Now, however, with a market which property professionals consider more tradeable, the clause is holding people back by tying them up in sometimes lengthy property chains. Sellers are sometimes rejecting the higher offer - when that is subject to the same of another property - so that they can move chain-free.
Lisa said: “While demand still outstrips housing supply across Tayside, our market locally is currently pretty stable and simply not as intense as the one we were in when buyers sought certainty from subject to sale clauses.
“That means purchases subject to sale are the wrong tool for the current market. People are beginning to cotton on to the fact that they are inappropriate, ineffective and holding them back. Those who realise this now are going to get ahead and have more buying power.
“There are cases where sellers would rather accept less money for their current property than face the added complication of their deal being dependent on an unknown sequence of other transactions which could fall apart if any one in that chain fails.
“We are finding that those who have sold their homes are then getting the pick of properties because they have money immediately available.”
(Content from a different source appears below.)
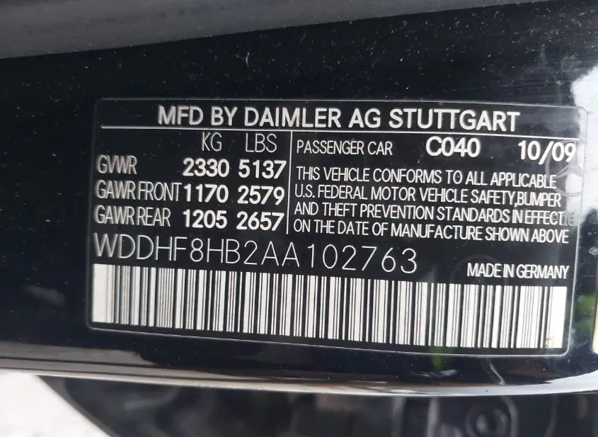 This 2010 MERCEDES-BENZ E-Class (VIN: WDDHF8HB2AA102763) report indicates no primary damage. Sourced from salvagebid, this data is crucial for assessment.

Chris Todd, Partner in Residential Property in Dundee, believes the market has largely turned on its head from buyers seeking certainty to sellers now wanting to know they can move on without having to wait for their buyer to sell.
He said: “Bidders trying to use subject to sale are being handicapped - and may find that being the top offer is no guarantee of success because of this. Those who are not restricted by this clause are going to find themselves in a far stronger position going up against those who are slower to realise that this is happening.
“In many ways, offers subject to sale had become a habit. They were fine for the market in which they grew, but not now.”
This article featured in the Courier on 23 September 2024.